The volley crashed out. From a distance of only fifty paces it swept through Hal’s men, and almost every shot told. Men dropped and staggered as the heavy lead pellets struck. The line of
Englishmen reeled and wavered. There was a chorus of yells – of pain and anger and fear.
‘Charge!’ Hal cried. ‘Don’t stand and let them shoot you down!’ He lifted the Neptune sword high. ‘Come on, lads. Have at them!’
On each side of him Aboli and Daniel started forward, but most of the others hung back. It was dawning on them that the fight was lost, and many looked back towards the safety of the gun
emplacements. That was a dangerous signal. Once they glanced over their shoulders it was all up.
‘Second rank,’ shouted Schreuder, ‘prepare to fire!’ Fifty more musketeers stepped forward, their weapons loaded and the matches burning.
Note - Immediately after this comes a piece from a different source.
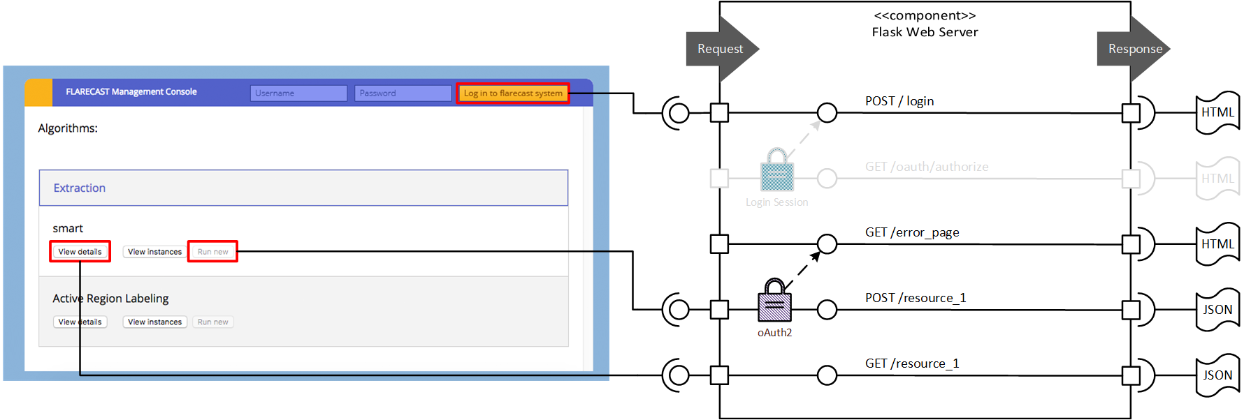 By the above section we described the workflows of a session login and oAuth2 authentication. The concrete implementation is given by two Flask-add-ons which are built on the top of our web servers used within the Flarecast infrastructure.

They walked through the gaps in
the kneeling rank that had just fired, advanced another two paces in a brisk businesslike manner, then knelt.
‘Present your arms!’ Even Hal and the dauntless pair flanking him wavered as they gazed into the muzzles of fifty levelled muskets, while a moan of fear and horror went up from their
men. They had never before faced such disciplined troops.